I may have officially entered the hallowed halls of Geekdom yesterday when a satirical magazine agreed to publish an essay I wrote about the Greek debt.  It was a piece I had worked on diligently, and includes a copious number of references to Greek classical literature, mythology, and the pantheon of gods and goddesses.

In short, it's a classic essay and I am glad someone, at last, recognized the moribund and bawdy humor in it.

This Greek piece, along with several poems of classical Greek reference and another humorous essay I wrote on Latin cognates, would seem to make me an official Geek.  I expect to receive my decoder ring and club membership in a plain brown wrapper any day now.

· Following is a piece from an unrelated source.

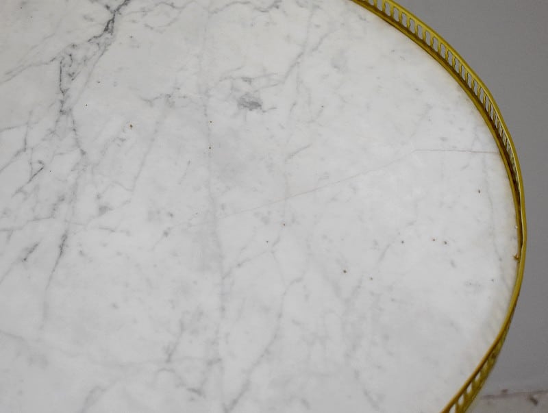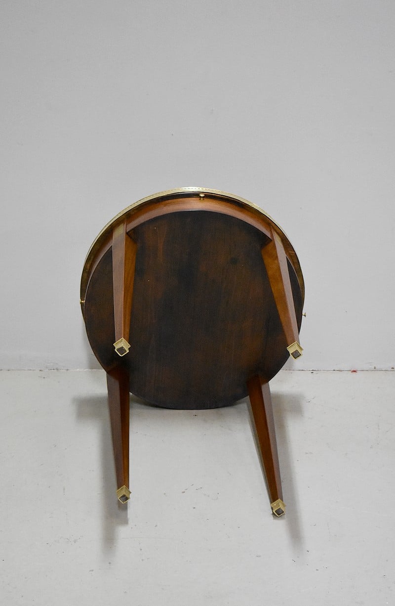 Table bouillotte ronde de style Louis XVI en Acajou massif et placage d’Acajou à dessus en marbre blanc de Carrare (on y voit une légère fissure) cerclé d’une galerie en laiton ajourée.

Naturally, I will have to tell me wife about my Geek fortunes next time I see her.  She is always perturbed by my writing choices (as they produce no money) and she continues to request that I sell one of my novels for a tidy sum.  She doesn't understand why I would waste my time writing about Zeus, or Heracles, or Hades (god of the underworld, in case you didn't know).  She thinks I should focus on writing mysteries or thrillers (of which I have many) and most recently she has insisted I write romantic novels of the type and variety that women purchase by the truckloads.  So, I thought I'd try my hand at it . . . a romance novel with paragraphs like:

She undressed him with her eyes but then realized this was the way most men his age looked while they were taking a shower.  He was hideous and she walked away in disgust.  She didn't realize a man could have udders and she felt, suddenly, hungry for a Dairy Queen Blizzard with Reeces Pieces.  She removed five dollars from his wallet and sped away in a cloud of purple exhaust fumes, wondering why she had married him twenty-eight years before and how her life would have been different had she married Stew, who was now a sales manager for H.H. Gregg and could get her a sweet deal on a plasma television.  But she knew she would never leave him; he had hooked her big time years ago when he washed her chassis for free and then wrote heartfelt notes to her mother, asking for her hand and her heart.  She would love him forever, into the twilight of their years when, at last in retirement, they would study the works of Aristotle in the original Greek and would, some day, make out in the back of the pickup on an old mattress they had once purchased for their son from Goodwill.  Theirs was a classic love story for the ages, and they were still writing it in large 14-point Times New Roman font.

You see what I mean?  No wonder my wife wants me to write romance.  I could make a million.